Luke 20: 27-38 (New Living Translation)
Then Jesus was approached by some Sadducees—religious leaders who say there is no resurrection from the dead. They posed this question: “Teacher, Moses gave us a law that if a man dies, leaving a wife but no children, his brother should marry the widow and have a child who will carry on the brother’s name. Well, suppose there were seven brothers. The oldest one married and then died without children. So the second brother married the widow, but he also died. Then the third brother married her. This continued with all seven of them, who died without children. Finally, the woman also died. So tell us, whose wife will she be in the resurrection? For all seven were married to her!” Jesus replied, “Marriage is for people here on earth. But in the age to come, those worthy of being raised from the dead will neither marry nor be given in marriage. And they will never die again. In this respect they will be like angels. They are children of God and children of the resurrection.
“But now, as to whether the dead will be raised—even Moses proved this when he wrote about the burning bush. Long after Abraham, Isaac, and Jacob had died, he referred to the Lord as ‘the God of Abraham, the God of Isaac, and the God of Jacob.’ So he is the God of the living, not the dead, for they are all alive to him.”

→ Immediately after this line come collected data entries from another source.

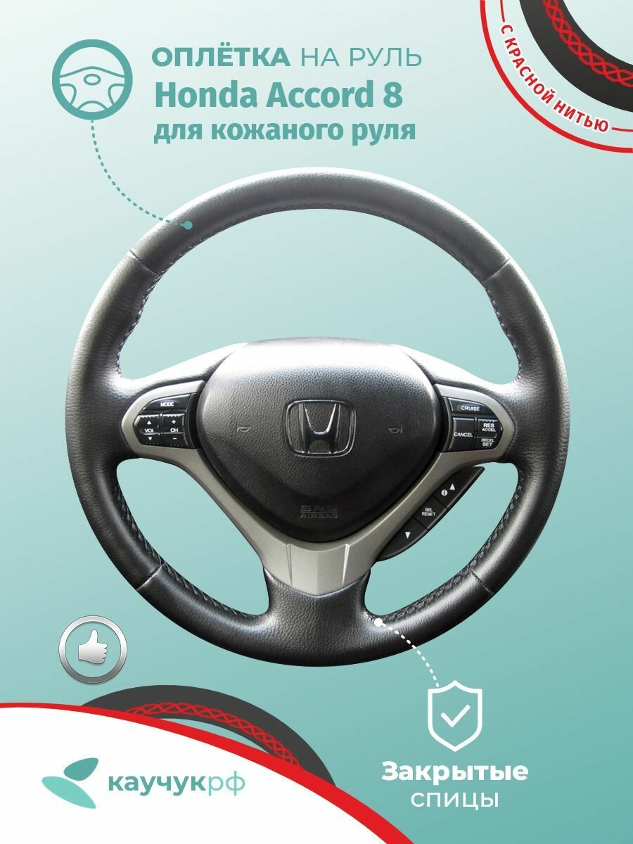 Отзывы на Оплетка на руль Honda Accord 8 для кожаного руля, черная кожа с красным швом.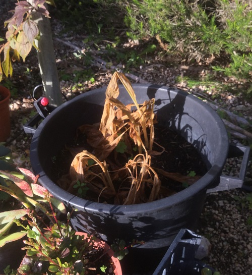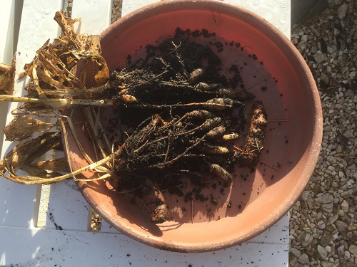 I can’t move the main pot (it’s way too big) but I could replant the ‘tubers’? I’ve lifted and put undercover on the terrace. Maybe the frost and wet killed off the leaves. We will see,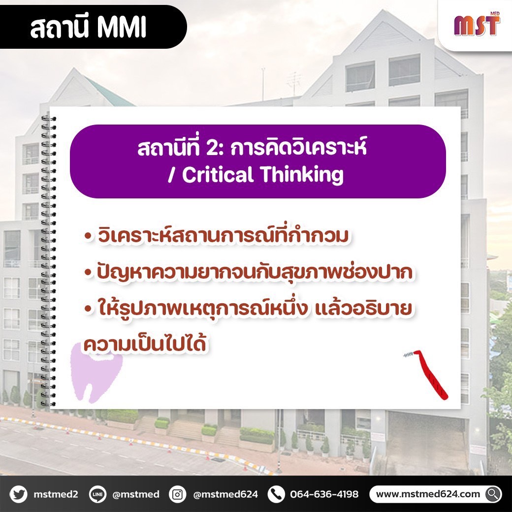 ✔️ ฝึก MMI ทุกสถานี: จริยธรรม / Critical Thinking / Communication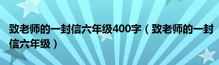 关于致老师的一封信六年级400字,致老师的一封信六年级这个很多人还不知道,今天菲菲来为大家解答以上的问题,现在让我们一起来看看吧!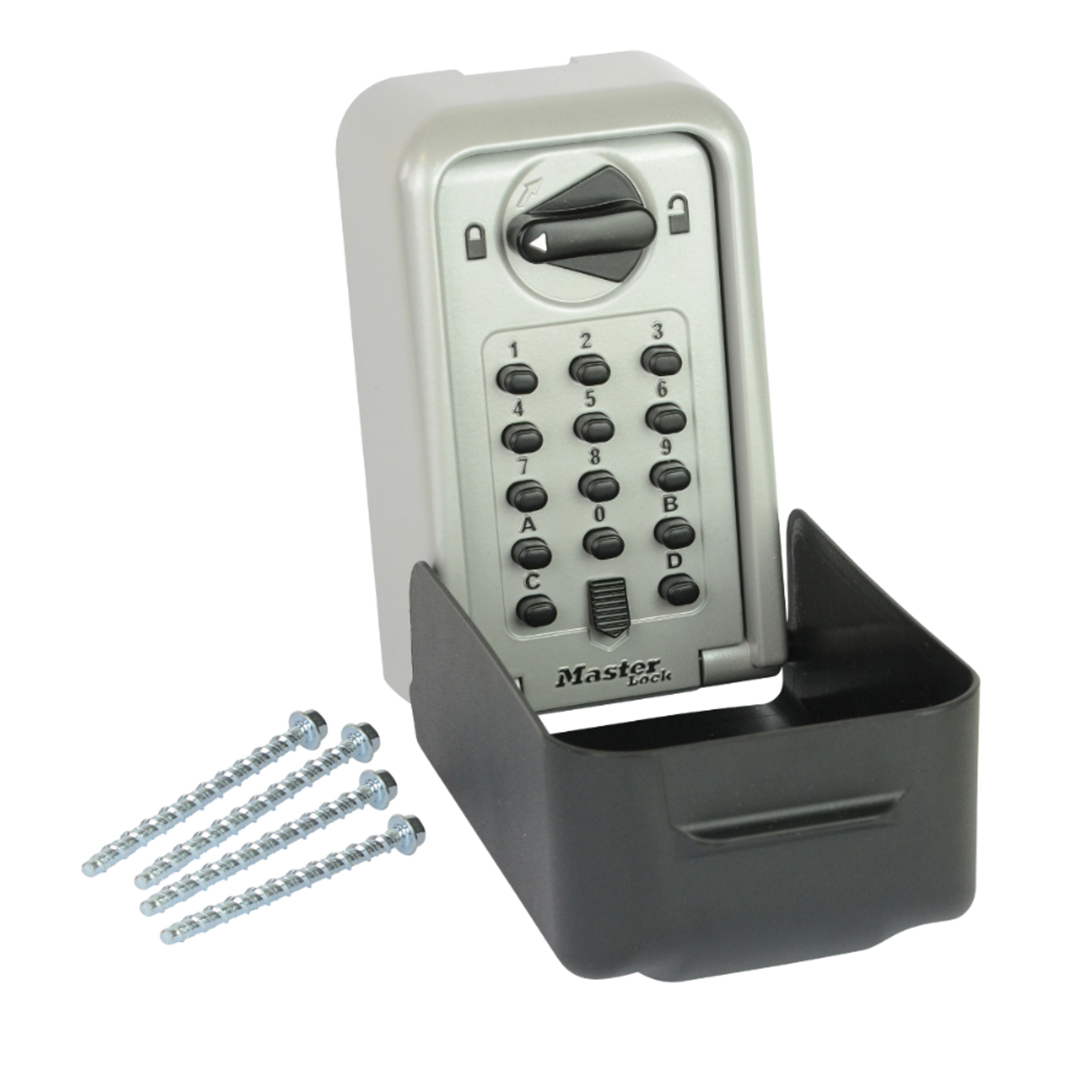 The 5426 EURD from Master Lock is a high security key safe with an extra large internal storage capacity which will accept multiple keys and access cards of all types. Its heavy duty zinc construction with recessed door makes it highly resistant to attacks and it comes with a removable black ABS plastic weather cover for added protection. It is Sold Secure Silver (Key safes) and Secured by Design (Police approved specification). It uses 14 large push buttons as part of its combination mechanism, with up to 16,000 potential combinations incorporating both letters and numbers.
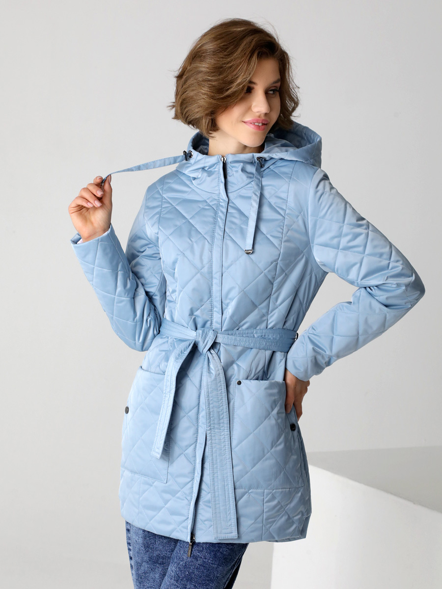 Описание: Женская демисезонная голубая куртка больших размеров прямого силуэта от бренда Диззи вэй (Dizzy way). Куртка с втачными рукавами и застежкой на двухзамковую молнию. Воротник - стойка, переходящая в капюшон. Накладные карманы имеют два входа: сверху и сбоку. Есть внутренний карман на молнии. При желании линию талии можно подчеркнуть поясом. Разноуровневая линия низа подчеркивает современный стиль в этой лаконичной, но комфортной модели куртки! Подкладка выполнена из ткани в мелкую полоску.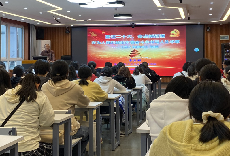 本网讯(通讯员王明珠)10月6日下午,华中师范大学马克思主义学院二级教授、博士生导师李良明,应邀来BEAT365英国官网数字马院作“喜迎二十大,奋进新征程——在为人民利益的不懈奋斗中书写人生华章:《为人民服务》导读”专题学术讲座。马克思主义学院院长黄红发主持,书记金殿中、副院长蔡志荣、部分教师及2022级全体学生参加此次讲座活动。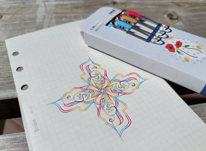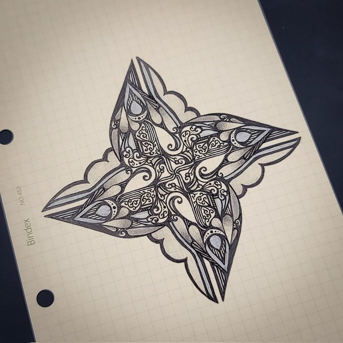 6 105 もはや暗器に見えてくるドリログさん0.2mmでトレペ1mm方眼に描きました。 光に透かすとこんな感じ。 インクはデルタさんのLucifer!! #ドリログ #DRILLOG 22/12/18 15:33

In this Scripture lesson from Luke, some Sadducees approach Jesus and pose to him a peculiar hypothetical question. Sadducees were a sect of Judaism prominent during the Second Temple period* who denied the notion of a bodily resurrection. They only recognized the Pentateuch (the first 5 books of our Old Testament) as authoritative, and believed that there was no doctrine of resurrection therein. In Luke 20, the Sadducees attempted to back Jesus into a corner and expose the belief in bodily resurrection as a foolish doctrine. Jesus responded by pointing back to their religious heritage - to Moses, Abraham, Isaac, Jacob - and indicated that yes! Their witness points to their life in God's eternal realm. Here are a couple of my initial take-a-ways from this Gospel lesson:
We need to be willing to live into the mystery of God's eternal activity. The Sadducees couldn't imagine beyond the earthly realm. But thankfully, God is not bound by what humanity knows and understands. He is ultimately mystery. And in a world in which our lives are marked by death, God is about something more; He is about eternal life. We can't limit God; God will do what God will do. But are we letting our limited knowledge and understanding hold us back from being more deeply engaged in a relationship with God?
We don't need to fully understand in order to trust in God's promise. I can't fathom what the final resurrection will look like. I am not sure how God will raise people up into the reality of the fully realized Kingdom. Remember - "My thoughts are nothing like your thoughts," says the LORD. "And my ways are far beyond anything you could imagine." (Isaiah 55:8, NLT). But I believe it will happen. Faith moves us beyond the reasonable and into a place of trust that God will accomplish the unbelievable.
What would you add? Comment below!
*This was a period of roughly 600 years (from about 530 BC to 70AD). It began with the return from Babylonian captivity when the second temple was built, and concluded with the Roman destruction of the temple around 70 AD.